## Your objective
Return all the lines below exactly. Any picture among them is omitted.

## Data section
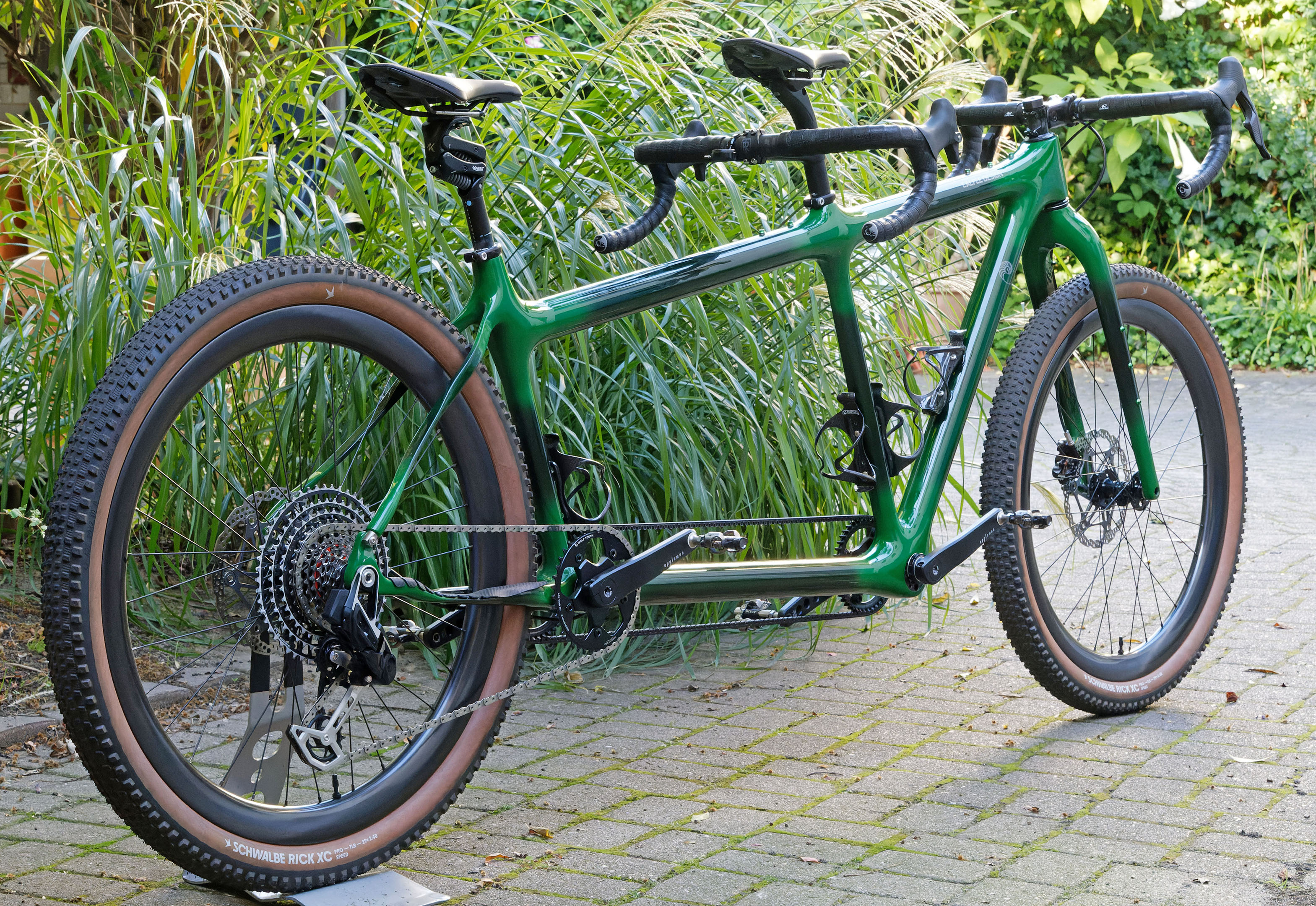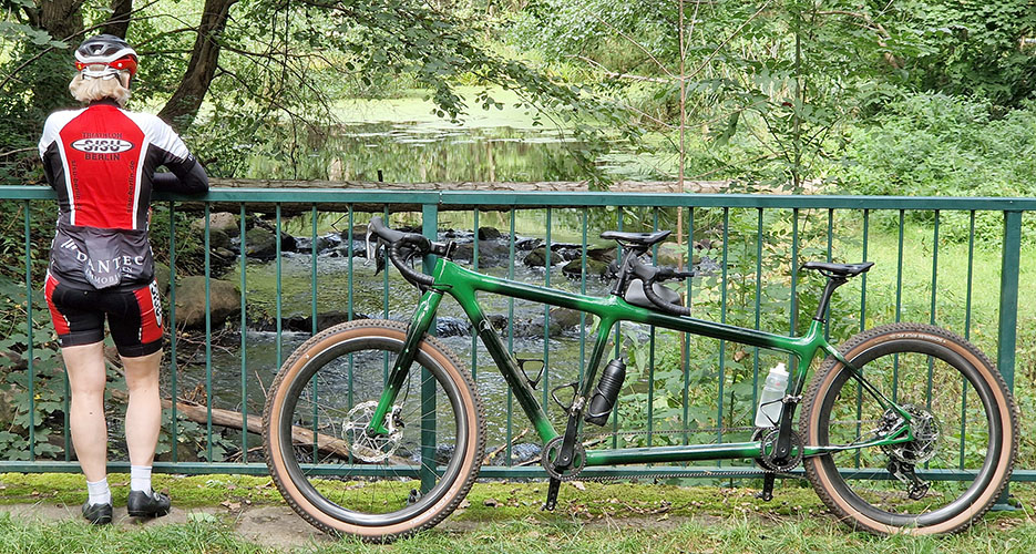 Es entsteht wieder etwas neues – ein Gravel-Tandem, wiederum realisiert von Calfee Design. Nach unseren guten Erfahrungen mit dem Renntandem in 2017 haben wir uns im Dezember 2024 zum zweiten Mal an die Kalifornier gewandt. Unser Wunsch war ein Graveltandem, also mit Geometrie für Rennlenker, das aber für MTB-Reifen bis 65 mm Breite ausgelegt ist, um nicht im Brandenburger Untergrund zu versinken. Man könnte das Wide Gravel nennen oder auch Dropbar-MTB, aber es soll von der Geometrie her kein Kompromiss sein. Und bei alldem bitte aus ästhetischen Gründen falls möglich und sinnvoll ein durchgehendes Oberrohr. Es sollte mit einer Starrgabel und einer Federgabel geliefert werden, die austauschbar sein sollen. Der Rahmen sollte wiederum ein erhöhtes hinteres Tretlager haben. Die Schaltung sollte eine Kombination sein von aktuellen Sram AXS Rennrad-Hebeln und Sram Transmission MTB-Komponenten.
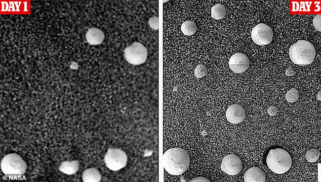 ▼這3位科學家表示,火星上的「蘑菇」會在幾天、幾週、幾個月的時間裡縮小、出現和消失。還有證據表明,火星上類似蒲團的真菌在「好奇號」留下的軌道上「重新發芽」。多年來,他們一直在篩選NASA的火星照片,並在很多場合分享他們的新發現。
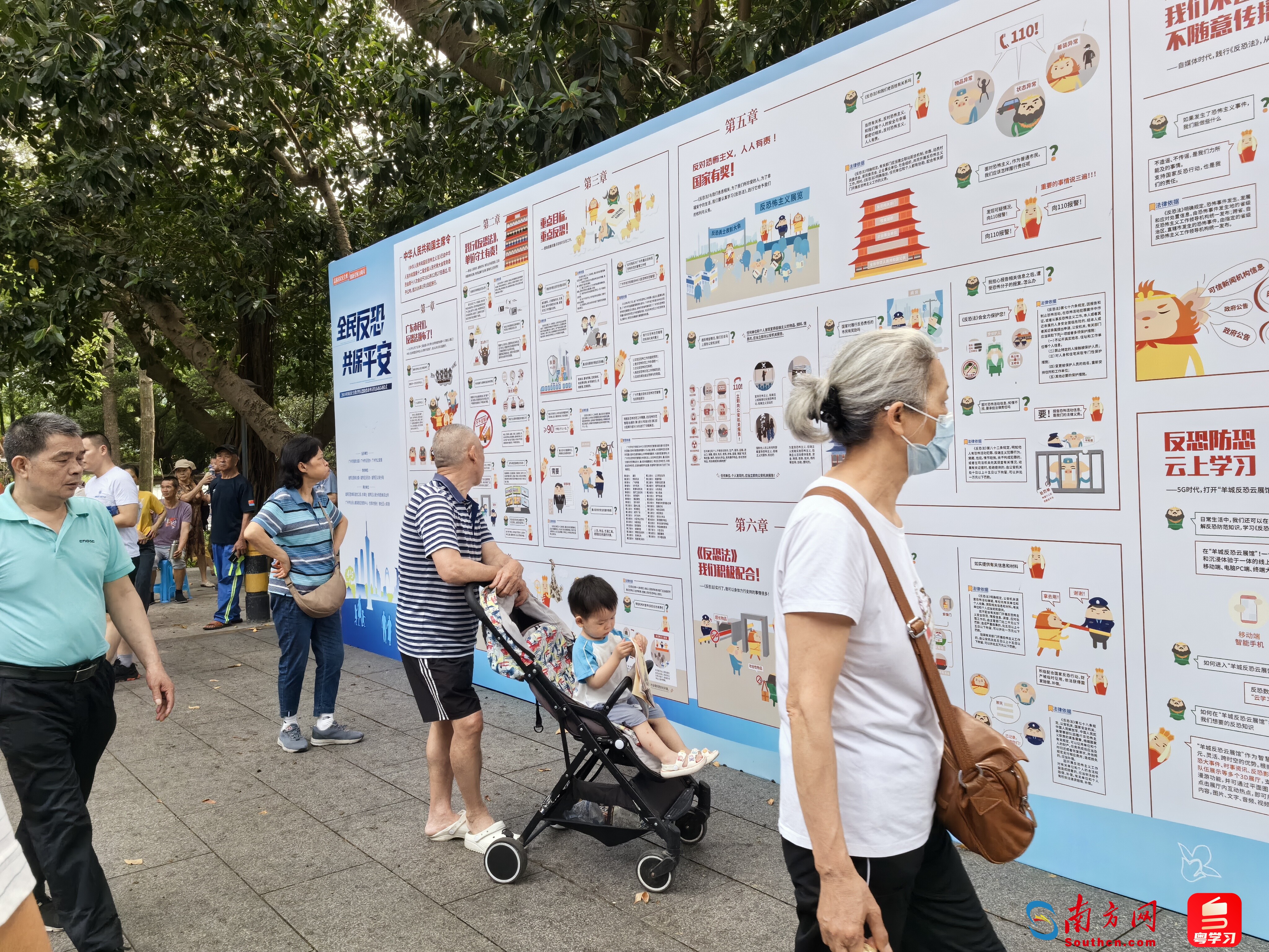 现场市民积极参与社区安全倡议、民族服务管理政策解读、社区安全建设互动问答等小活动。“活动丰富多彩,展板内容详细生动,了解到那么多反恐知识,也了解到广州反恐力量多么强大,我觉得很安心。”现场市民告诉记者,她每天都会过来麓湖公园运动,今天公园格外热闹,便停下脚步仔细阅读展板内容。
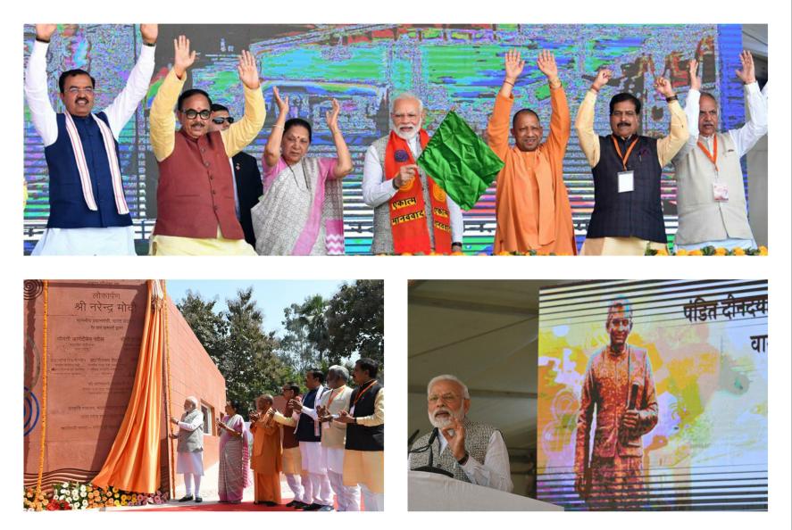 प्रधानमंत्री नरेन्द्र मोदी ने वाराणसी में पंडित दीनदयाल उपाध्याय की प्रतिमा का अनावरण किया और दीनदयाल उपाध्याय स्मारक राष्ट्र को समर्पित किया। उन्होंने तीन ज्योर्तिलिंग तीर्थ स्थलों-वाराणसी, उज्जैन और ओंकारेश्वर को जोड़ने वाली तीसरी कार्पोरेट ट्रेन –महाकाल एक्सप्रेस को भी झंडी दिखाकर रवाना किया। उन्होंने 430 बिस्तरों वाले सुपर- स्पैशल्टी सरकारी अस्पताल सहित 36 विकास परियोजनाओं का उद्घाटन किया और 14 विकास परियोजनाओं की आधारशिला रखी।

## Written answer
 Es entsteht wieder etwas neues – ein Gravel-Tandem, wiederum realisiert von Calfee Design. Nach unseren guten Erfahrungen mit dem Renntandem in 2017 haben wir uns im Dezember 2024 zum zweiten Mal an die Kalifornier gewandt. Unser Wunsch war ein Graveltandem, also mit Geometrie für Rennlenker, das aber für MTB-Reifen bis 65 mm Breite ausgelegt ist, um nicht im Brandenburger Untergrund zu versinken. Man könnte das Wide Gravel nennen oder auch Dropbar-MTB, aber es soll von der Geometrie her kein Kompromiss sein. Und bei alldem bitte aus ästhetischen Gründen falls möglich und sinnvoll ein durchgehendes Oberrohr. Es sollte mit einer Starrgabel und einer Federgabel geliefert werden, die austauschbar sein sollen. Der Rahmen sollte wiederum ein erhöhtes hinteres Tretlager haben. Die Schaltung sollte eine Kombination sein von aktuellen Sram AXS Rennrad-Hebeln und Sram Transmission MTB-Komponenten.
 ▼這3位科學家表示,火星上的「蘑菇」會在幾天、幾週、幾個月的時間裡縮小、出現和消失。還有證據表明,火星上類似蒲團的真菌在「好奇號」留下的軌道上「重新發芽」。多年來,他們一直在篩選NASA的火星照片,並在很多場合分享他們的新發現。
 现场市民积极参与社区安全倡议、民族服务管理政策解读、社区安全建设互动问答等小活动。“活动丰富多彩,展板内容详细生动,了解到那么多反恐知识,也了解到广州反恐力量多么强大,我觉得很安心。”现场市民告诉记者,她每天都会过来麓湖公园运动,今天公园格外热闹,便停下脚步仔细阅读展板内容。
 प्रधानमंत्री नरेन्द्र मोदी ने वाराणसी में पंडित दीनदयाल उपाध्याय की प्रतिमा का अनावरण किया और दीनदयाल उपाध्याय स्मारक राष्ट्र को समर्पित किया। उन्होंने तीन ज्योर्तिलिंग तीर्थ स्थलों-वाराणसी, उज्जैन और ओंकारेश्वर को जोड़ने वाली तीसरी कार्पोरेट ट्रेन –महाकाल एक्सप्रेस को भी झंडी दिखाकर रवाना किया। उन्होंने 430 बिस्तरों वाले सुपर- स्पैशल्टी सरकारी अस्पताल सहित 36 विकास परियोजनाओं का उद्घाटन किया और 14 विकास परियोजनाओं की आधारशिला रखी।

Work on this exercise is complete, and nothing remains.